A Data Warehouse is not just a technical marvel. It is a tool for your business. To ensure it delivers maximum value, you need to involve your users from the very beginning.

Imagine building a house without consulting the people who will live in it. People can still live in it, but they never feel it is their home. By involving them early and often, you will gain valuable insight into their needs, expectations, and challenges.

How can you engage your users?

Involve them in the planning phase: Understand their data needs, pain points, and desired outcomes.
Provide regular updates: Keep them informed about project progress and involve them in decision-making.
Offer training and support: Equip users with the skills to effectively use the Data Warehouse.
Gather feedback: Encourage users to share their thoughts and suggestions for improvement.

Remember that if you can not engage your users, any slightly higher number in their reports will quickly become your problem.

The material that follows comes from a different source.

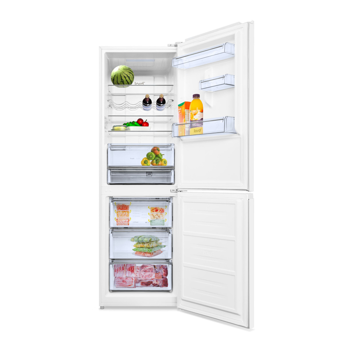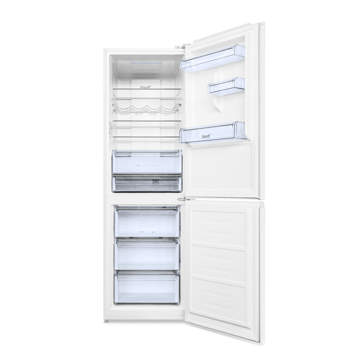 Chladiaca časť chladničky LORD C14, ktorá ponúka funkciu automatického odmrazovania, je rozčlenená na niekoľko zón. Tá s označením Fresh je ideálny pre umiestnenie ovocia a zeleniny. Zóna 0 ° C bola vytvorená pre ryby a mäso. Funkcia Multi-Flow Air Tower zaistí dokonalú cirkuláciu vzduchu a vyrovnávanie teploty v niektorých častiach chladničky. Potraviny môžete umiestniť do celkom troch políc z bezpečnostného skla, pričom dve z nich sú výškovo nastaviteľné. Nechýba ani polička na fľaše a vo dverách chladničky nájdete celkom tri police. U tejto chladničky nájdete integrované držadlo. Nemusíte sa báť nedovretých dverí, akustický alarm vám túto skutočnosť bezodkladne ohlási.

If you can engage them and make them feel like they are part of the project, then any issue will become everyone’s problem.

Conclusion

Building a successful Data Warehouse is a challenging journey that requires careful planning, execution, and continuous improvement. It all starts with a deep understanding of the business requirements to ensure that every decision is aligned with the organization’s goals. Start small, iterate often, and always keep the user at the center of your efforts. A successful Data Warehouse is a collaboration between the engineering team and the business. By working together, you can create a solution that truly delivers value.